With over eight years at Wynn and a career spanning more than two decades in the gambling industry, Billings recognizes the fixation on the total addressable market (TAM) and tax revenues in the iGaming debate as short-sighted. Despite online casinos being heralded as the next major growth avenue for the gaming industry, it’s crucial to note that digital gambling is only legalized in a select few states—Connecticut, Delaware, Michigan, New Jersey, Pennsylvania, Rhode Island, and West Virginia.

In stark contrast, Billings points out that the United States is home to around 1,000 commercial and tribal casinos. Yet, only 10% to 15% of these have developed an omnichannel strategy that spans both physical and online gambling platforms, as well as sports betting. “The properties poised to truly rival online gaming specialists are those under the large national gaming operators,” Billings mused. “As for the rest, market share will inevitably shift, creating clear winners and losers within the land-based gaming sector.”

Touching on labor concerns, Billings sheds light on another dimension of the iGaming debate. While critics may overlook this aspect, land-based casinos are significant employment generators relative to their online counterparts. Billings furnishes the comparison that while a substantial online gaming company might employ one or two people per million dollars in sales, a physical casino could provide jobs for as many as five individuals against the same revenue benchmark.

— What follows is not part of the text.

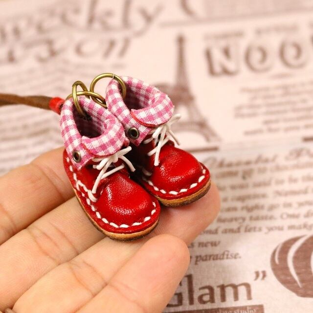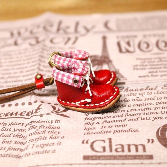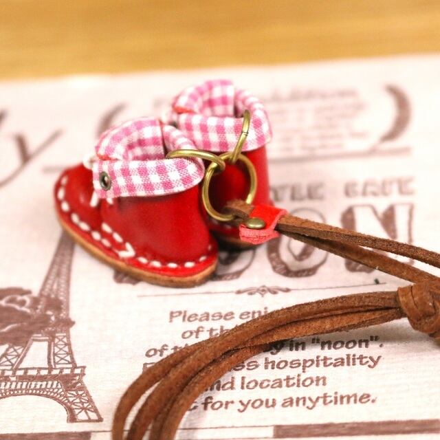 小さな革ブーツのネックレス|ストロベリー裏地付
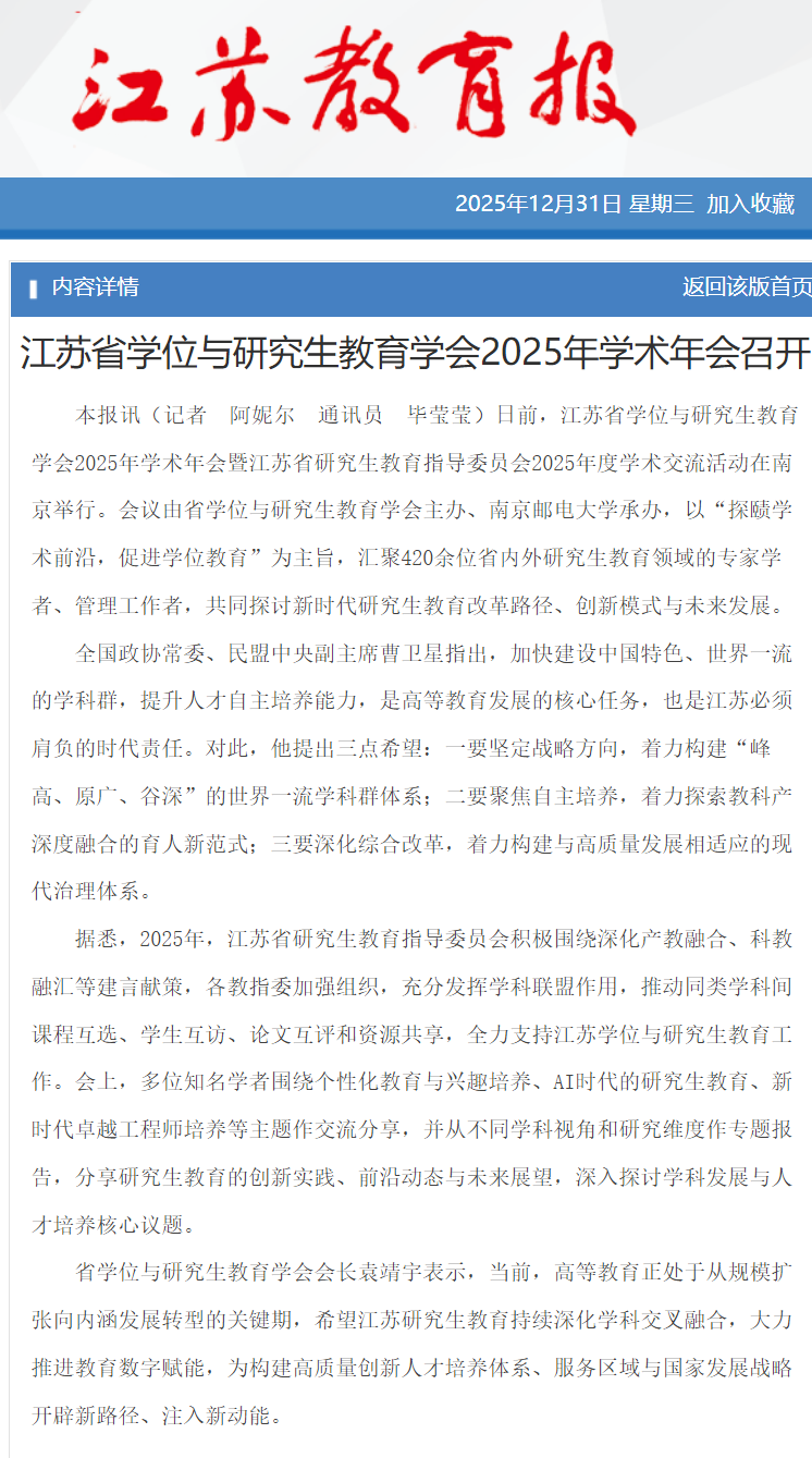 【江苏教育报】江苏省学位与研究生教育学会2025年学术年会召开

Billings soberly forecasts that gaming-related unions—particularly in states with a strong Democratic leaning—will proactively defend their interests against the rising tide of online casinos. After all, the reactions of these unions are driven by the imperative to safeguard jobs, rather than analytical reports on market cannibalization. And in many cases, the voices of unions are hearkened to by legislators who value their vote-rich memberships.

With several states potentially weighing the future of iGaming legislation, including heavily Democratic-leaning Illinois and New York, the dialogue on the balance between online and land-based gaming seems poised to continue.